### Problem to work on
When the data below is printed, every line must match exactly and the images must be absent.

═════ Task inputs ═════

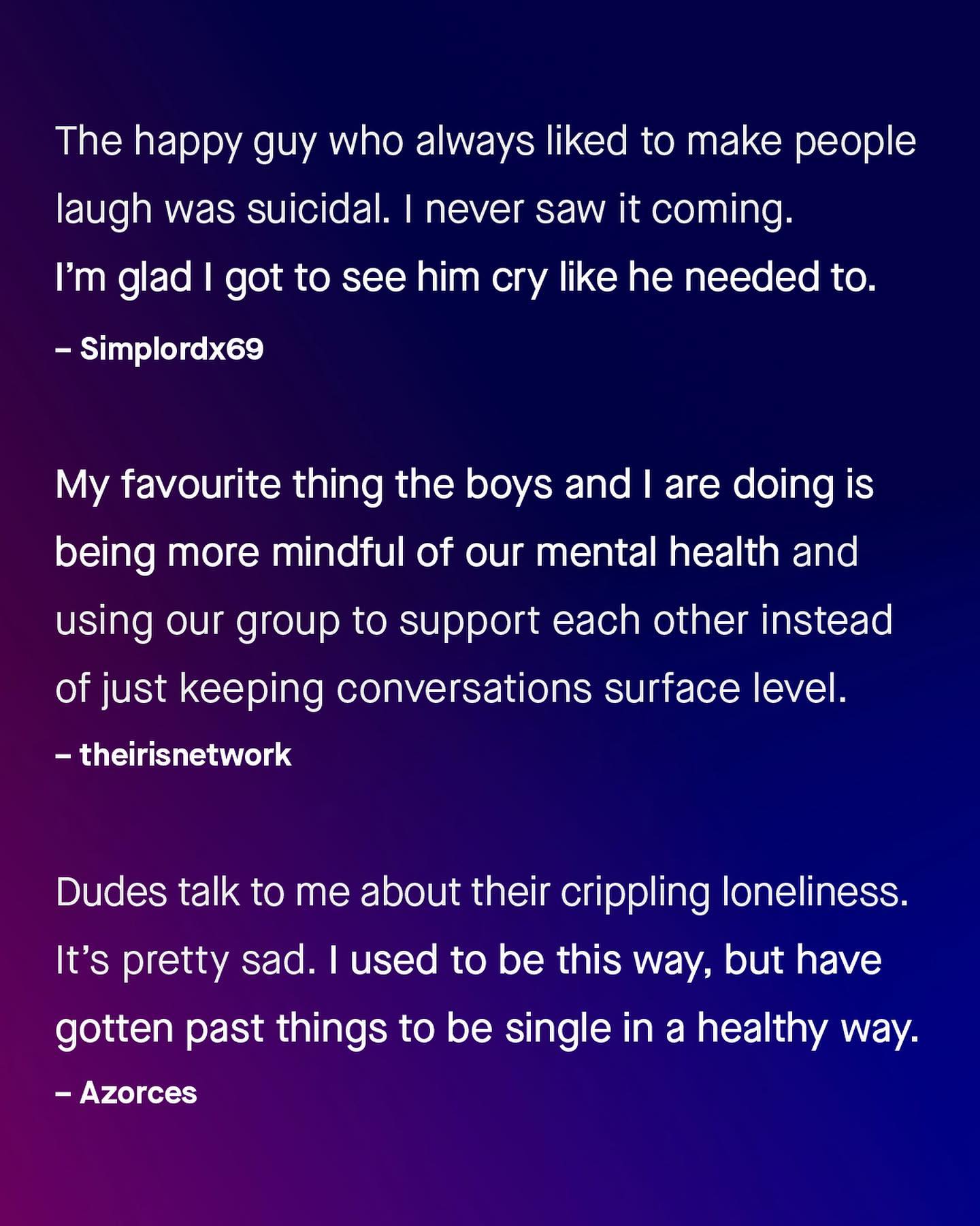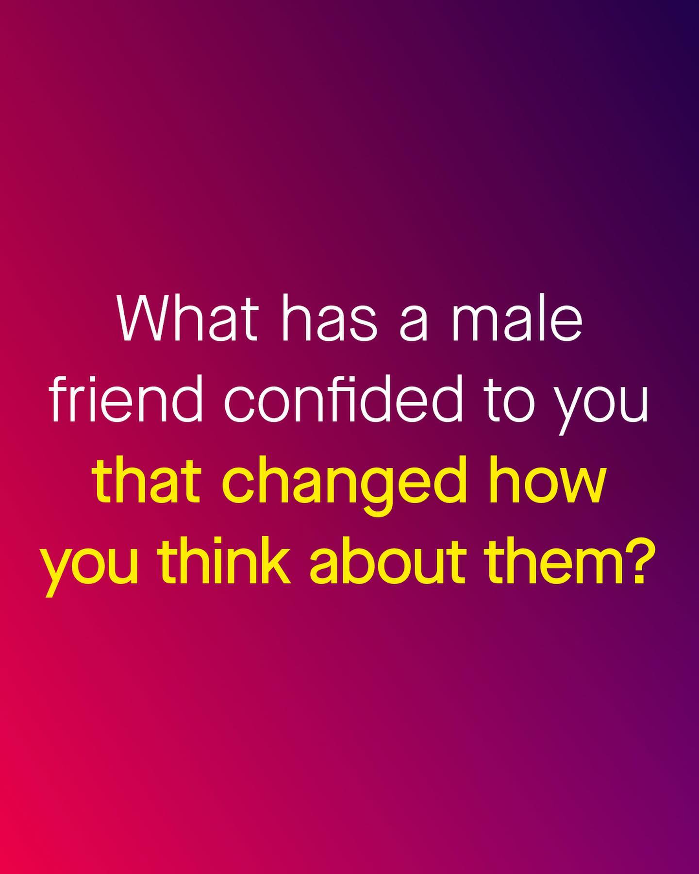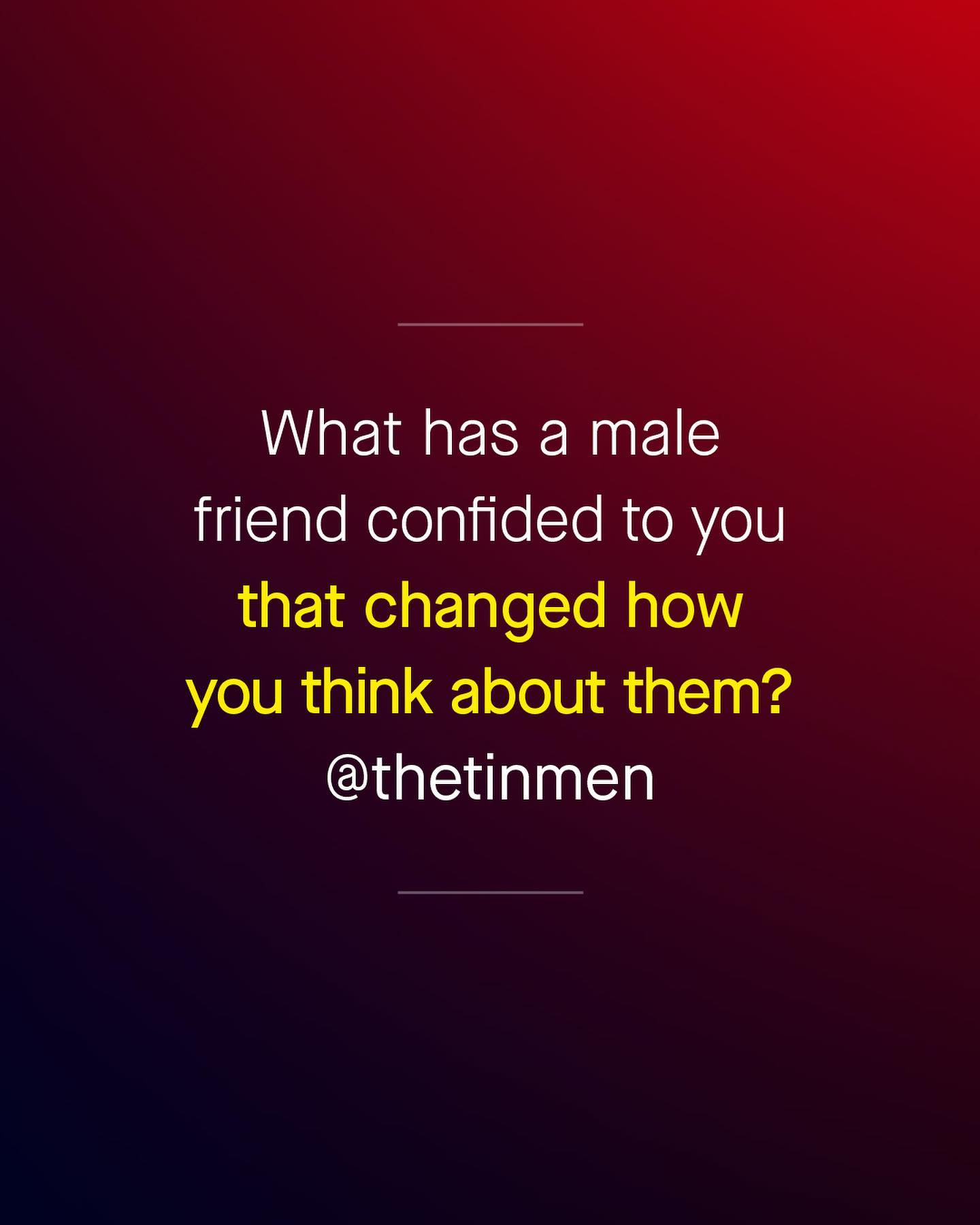 Not all men choose to express themselves so openly through words. Not all men can. Not all men want to. Whoever men are, however they choose to share things, if at all, their words can change the entire world. The can illuminate, for we can never know what men aren ’t telling us. They can change how people see them forever, or how people see themselves. So tell me, what has a man confided in you, that changed everything about them?
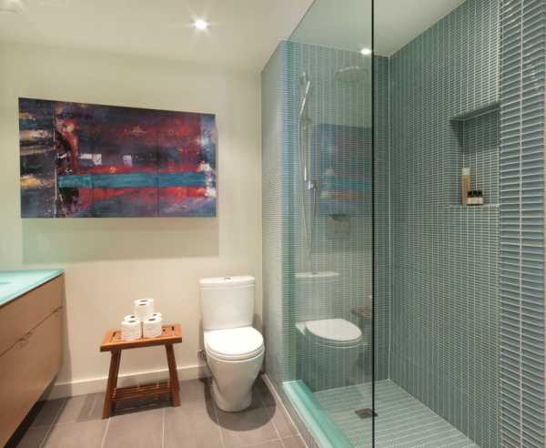 Если такой вариант покажется простоватым, следует внести изюминку при помощи цвета. Стеклянные перегородки для душевой рекомендуется выбрать одного оттенка, а дверцы – другого. Можно нанести рисунок на определенные зоны.
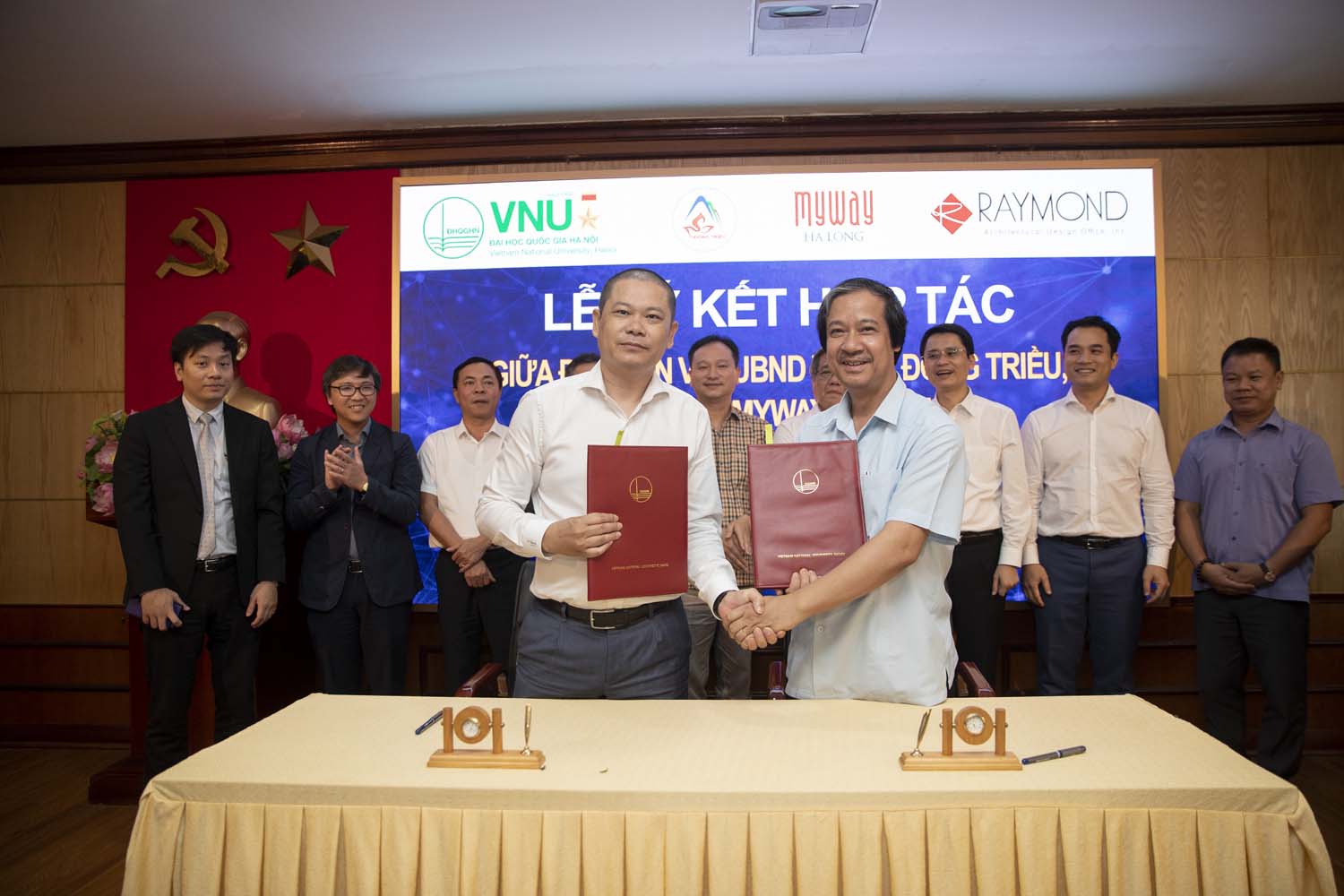 Đại diện pháp nhân của các đơn vị đã kí kết Văn bản ghi nhớ về việc hợp tác 3 bên giữa ĐHQGHN, UBND thị xã Đông Triều và Công ty Cổ phần Đầu tư và Khách sạn MyWay Hạ Long về triển khai dự án đầu tư xây dựng phân viện Viện Trần Nhân Tông trực thuộc ĐHQGHN tại thị xã Đông Triều phục vụ việc đào tạo, nghiên cứu khoa học chuyên sâu trong lĩnh vực Tôn giáo, Phật học đồng thời bảo tồn, phát huy các giá trị văn hoá, lịch sử, triết học của Phật giáo Trúc Lâm.
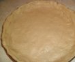 In forma de tarta, am intins 3/4 din aluat si putin peste peretii formei in jos, am intepat din loc in loc aluatul cu o furculita, am asezat prunele una langa alta si am turnat peste ele crema de nuci. Am confectionat un grilaj din restul de aluat pe care l-am pus deasupra cremei de nuci si am intors marginile primului aluat peste tarta. Am copt in cuptor 35 minute la 180 grade.
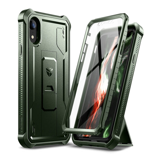 For Iphone Xr 6.1 Inch Full-Body Bumper Military Grade Armor Shockproof Case Kickstand With Built-In Screen Protector

═════

### Finished task
 Not all men choose to express themselves so openly through words. Not all men can. Not all men want to. Whoever men are, however they choose to share things, if at all, their words can change the entire world. The can illuminate, for we can never know what men aren ’t telling us. They can change how people see them forever, or how people see themselves. So tell me, what has a man confided in you, that changed everything about them?
 Если такой вариант покажется простоватым, следует внести изюминку при помощи цвета. Стеклянные перегородки для душевой рекомендуется выбрать одного оттенка, а дверцы – другого. Можно нанести рисунок на определенные зоны.
 Đại diện pháp nhân của các đơn vị đã kí kết Văn bản ghi nhớ về việc hợp tác 3 bên giữa ĐHQGHN, UBND thị xã Đông Triều và Công ty Cổ phần Đầu tư và Khách sạn MyWay Hạ Long về triển khai dự án đầu tư xây dựng phân viện Viện Trần Nhân Tông trực thuộc ĐHQGHN tại thị xã Đông Triều phục vụ việc đào tạo, nghiên cứu khoa học chuyên sâu trong lĩnh vực Tôn giáo, Phật học đồng thời bảo tồn, phát huy các giá trị văn hoá, lịch sử, triết học của Phật giáo Trúc Lâm.
 In forma de tarta, am intins 3/4 din aluat si putin peste peretii formei in jos, am intepat din loc in loc aluatul cu o furculita, am asezat prunele una langa alta si am turnat peste ele crema de nuci. Am confectionat un grilaj din restul de aluat pe care l-am pus deasupra cremei de nuci si am intors marginile primului aluat peste tarta. Am copt in cuptor 35 minute la 180 grade.
 For Iphone Xr 6.1 Inch Full-Body Bumper Military Grade Armor Shockproof Case Kickstand With Built-In Screen Protector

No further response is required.